▸ **Brief**
Set down word for word the lines that begin the entries and run through the line containing "The crystallite size". Give nothing further.
=== Begin Enclosure ===
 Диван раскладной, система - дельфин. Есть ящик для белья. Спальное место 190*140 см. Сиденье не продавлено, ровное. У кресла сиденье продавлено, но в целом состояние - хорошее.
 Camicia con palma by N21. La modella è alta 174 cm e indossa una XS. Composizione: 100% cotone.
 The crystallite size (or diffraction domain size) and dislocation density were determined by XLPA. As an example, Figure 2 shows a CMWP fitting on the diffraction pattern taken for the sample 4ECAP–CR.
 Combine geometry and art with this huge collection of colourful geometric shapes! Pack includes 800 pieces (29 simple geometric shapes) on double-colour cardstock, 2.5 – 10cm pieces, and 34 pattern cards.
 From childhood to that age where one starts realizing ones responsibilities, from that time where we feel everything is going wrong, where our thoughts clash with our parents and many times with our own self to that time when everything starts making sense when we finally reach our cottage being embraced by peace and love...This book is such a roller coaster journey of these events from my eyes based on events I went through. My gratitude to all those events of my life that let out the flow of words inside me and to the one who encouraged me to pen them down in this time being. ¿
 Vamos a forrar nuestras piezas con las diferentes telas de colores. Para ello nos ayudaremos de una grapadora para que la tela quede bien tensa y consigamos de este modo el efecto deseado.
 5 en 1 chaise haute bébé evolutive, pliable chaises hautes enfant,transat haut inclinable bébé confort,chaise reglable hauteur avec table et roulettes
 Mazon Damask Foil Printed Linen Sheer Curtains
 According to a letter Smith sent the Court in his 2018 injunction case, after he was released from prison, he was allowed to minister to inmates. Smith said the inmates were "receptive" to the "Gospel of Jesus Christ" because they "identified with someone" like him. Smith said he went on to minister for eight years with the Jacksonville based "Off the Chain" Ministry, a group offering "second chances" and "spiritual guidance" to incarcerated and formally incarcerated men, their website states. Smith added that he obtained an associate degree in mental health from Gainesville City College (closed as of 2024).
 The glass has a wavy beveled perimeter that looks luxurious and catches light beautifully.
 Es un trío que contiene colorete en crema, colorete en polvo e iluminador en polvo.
=== End Enclosure ===
▸ **Response to the task**
 Диван раскладной, система - дельфин. Есть ящик для белья. Спальное место 190*140 см. Сиденье не продавлено, ровное. У кресла сиденье продавлено, но в целом состояние - хорошее.
 Camicia con palma by N21. La modella è alta 174 cm e indossa una XS. Composizione: 100% cotone.
 The crystallite size (or diffraction domain size) and dislocation density were determined by XLPA. As an example, Figure 2 shows a CMWP fitting on the diffraction pattern taken for the sample 4ECAP–CR.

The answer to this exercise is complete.